2

I have around 6000 rows and 600 columns in my Excel worksheet. There is an ID column where I am highlighting differentiated values in all cells if the IDs are equal. But my code is taking too long to loop through each row and highlight. How my code could be optimized?

 private void worker_DoWork(object sender, System.ComponentModel.DoWorkEventArgs e)
{
    for (r = 2; r <= totalRow; r++)
    {
        Duplicate();
        int percentage = (r + 1) * 100 / totalRow;
        worker.ReportProgress(percentage);
    }             
}

private void Duplicate()
{
    if (xlWorksheet.Cells[r, ssid].Value == xlWorksheet.Cells[r + 1, ssid].Value)
    {
        for (int c = 1; c <= columnCount; c++)
        {
            if (Convert.ToString(xlWorksheet.Cells[r, c].Value) != Convert.ToString(xlWorksheet.Cells[r + 1, c].Value))
            {
                Excel.Range cellRange = (Excel.Range)xlWorksheet.Cells[r + 1, c];
                cellRange.Interior.Color = Excel.XlRgbColor.rgbRed;
            }
        }
    }
}
Firdavs Kurbonov
  • 1,252
  • 4
  • 16
  • 42
  • 1
    Application.ScreenUpdating = false; before the work then back to true after can have a big effect. For best results use range objects and convert them to arrays for reading/comparison. E.g. https://stackoverflow.com/questions/22760591/convert-excel-range-to-array-using-c-sharp? – Alex K. Apr 04 '18 at 12:46
  • I added Application.ScreenUpdating = false; before work and changed to true after. It seems no impact on performance. – Firdavs Kurbonov Apr 05 '18 at 05:40

2 Answers2

3

Reading and writing to excel is what slows the program quite a bit.
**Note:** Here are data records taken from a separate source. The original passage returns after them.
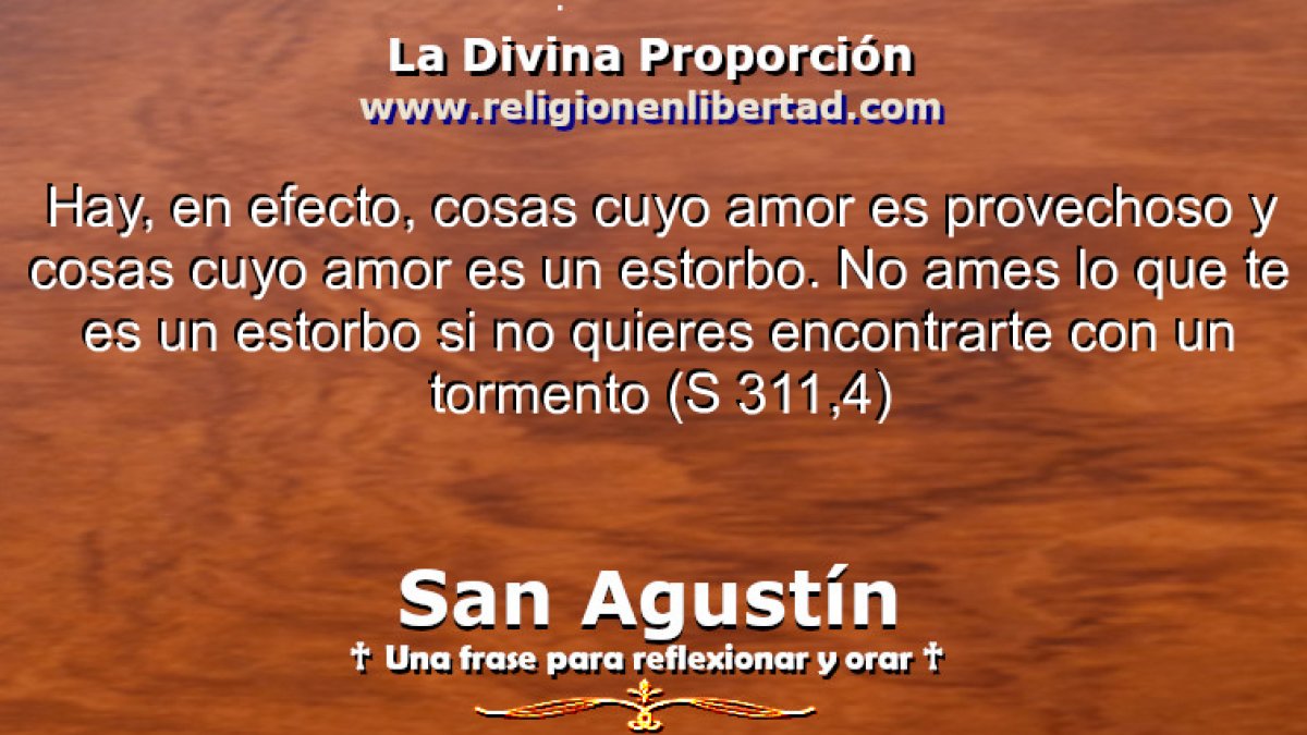 Hay, en efecto, cosas cuyo amor es provechoso y cosas cuyo amor es un estorbo. No ames lo que te es un estorbo si no quieres encontrarte con un tormento 🔹San Agustín. 311, 4🔹
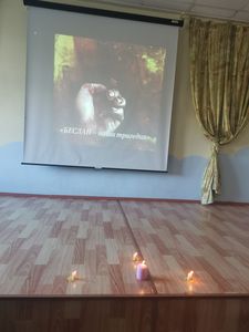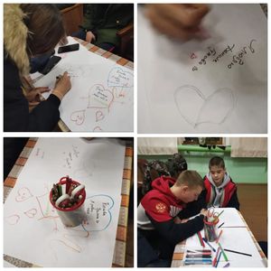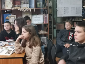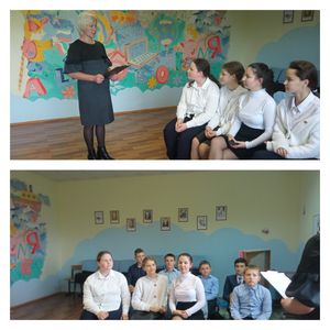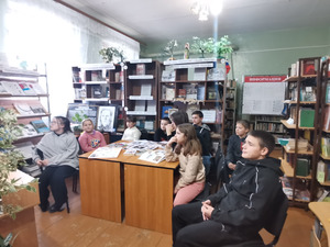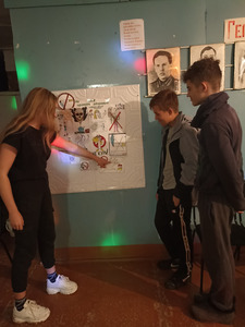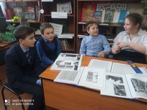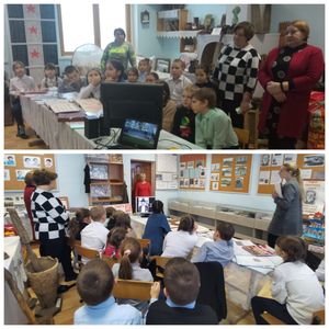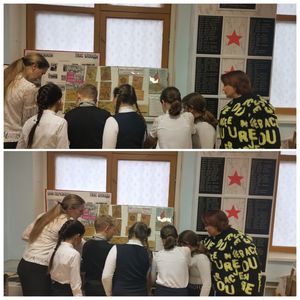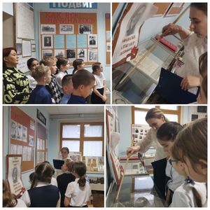 Прежде чем приступить к изготовлению памятных цветов, которые должны возлагаться к памятнику воинам Великой Отечественной войны, ребята были приглашены в музей, где им было рассказано о том, что такое героизм и о Героях-земляках. Также о них ребята посмотрели электронную презентацию.
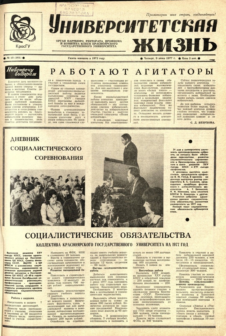 Библиографическое описание:Университетская жизнь : газета / Красноярский государственный университет. - Красноярск : КрасГУ, 1972 - - 2006 1977г. N 18 (161) (9 июня)
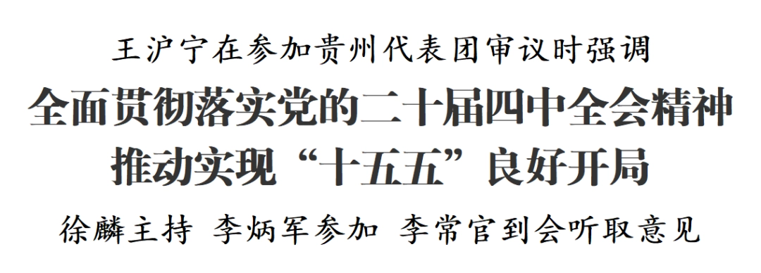 李利、欧阳黔森、洪湖鹏等代表积极发言。王沪宁认真听取发言,并同代表们深入交流。王沪宁说,李强总理所作的政府工作报告,全面贯彻习近平新时代中国特色社会主义思想,落实党的二十大和二十届历次全会精神,体现党中央关于“十五五”时期工作的总体部署。完全赞成这个报告。
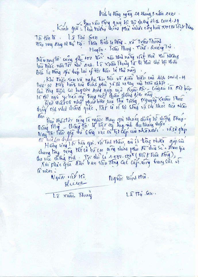 (PLVN) - Dù tuổi đã cao, gia cảnh còn vất vả nhưng khi nghe lời kêu gọi toàn dân chung tay phòng chống dịch Covid-19 của Thủ tướng, cụ bà Lê Thị Sen (trú tại thôn Bích La Đông, xã Triệu Thành, huyện Triệu Phong, tỉnh Quảng Trị) đã dành số tiền 1 triệu đồng tiết kiệm được gửi tới xã "xin ủng hộ" phòng chống dịch Covid-19 kèm lá thư viết tay nhờ người cháu ghi hộ đầy xúc động.
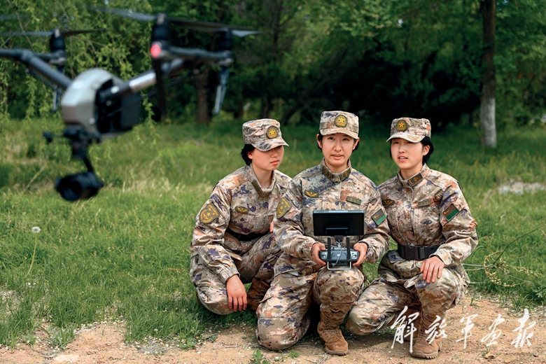 黃玉葉(中)和戰(zhàn)友一起鉆研無人機(jī)操作技能。
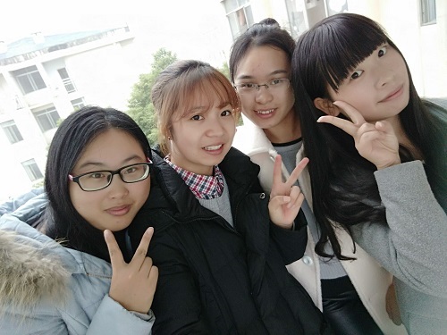 “学霸”寝室的四位成员(从左至右):陈思佳、彭雁翎、张娟红、周添億
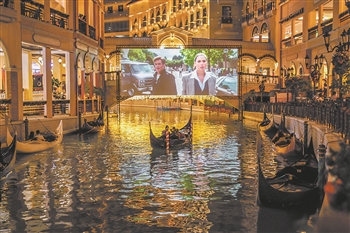 12月6日,在菲律宾马尼拉,人们乘坐贡多拉在“水上电影院”观看电影。
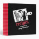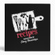 One fabulous black and white cutting board with kitchen stuff, and red plaid recipe cookbook notebook or binder for hip chefs who like to make a statement. Cutting board has rough edges, with whisk, fork, measuring spoons and olive oil can silhouettes and a big "recipes" in red plaid. You can customize the spine and the name on the front.
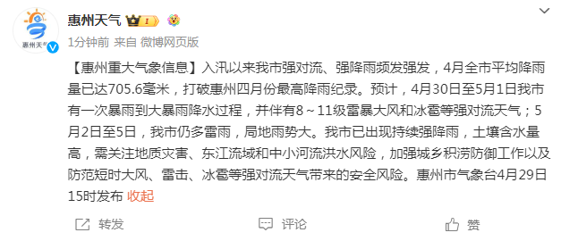 惠州市氣象臺4月29日15時(shí)發(fā)布惠州重大氣象信息
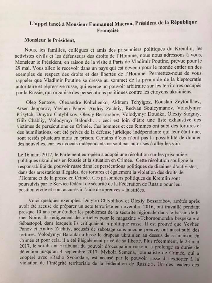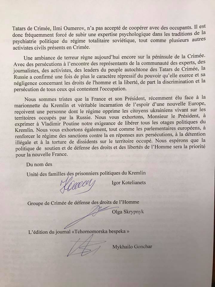 "Закликаємо Вас, пане Президенте, відверто висловити Володимиру Путіну нашу вимогу звільнення усіх політичних бранців Кремля. Також, слідом за європейськими парламентарями, закликаємо Вас посилити режим санкцій проти Росії за переслідування, незаконне утримання під вартою та катування інакодумців на окупованих територіях. Сподіваємось, що для нової Франції політика підтримки та захисту прав і свобод людини буде пріоритетною", – підсумовують автори листа.

Try to avoid the reading and the unnecessary writing:

  • Read the Excel file once and write its values in a 2-dimensional matrix, with dimensions row and column;
  • Loop through the matrix and check the values. For 3.6M it will be fast;
  • Record the results in another 2-dimensional boolean matrix.
  • Loop through the booelan matrix and write only on the cells which you need to write;
  • You can even do something better - loop through the boolean matrix and assign the corresponding cells to a range with Union(). At the end change the color of the range only once.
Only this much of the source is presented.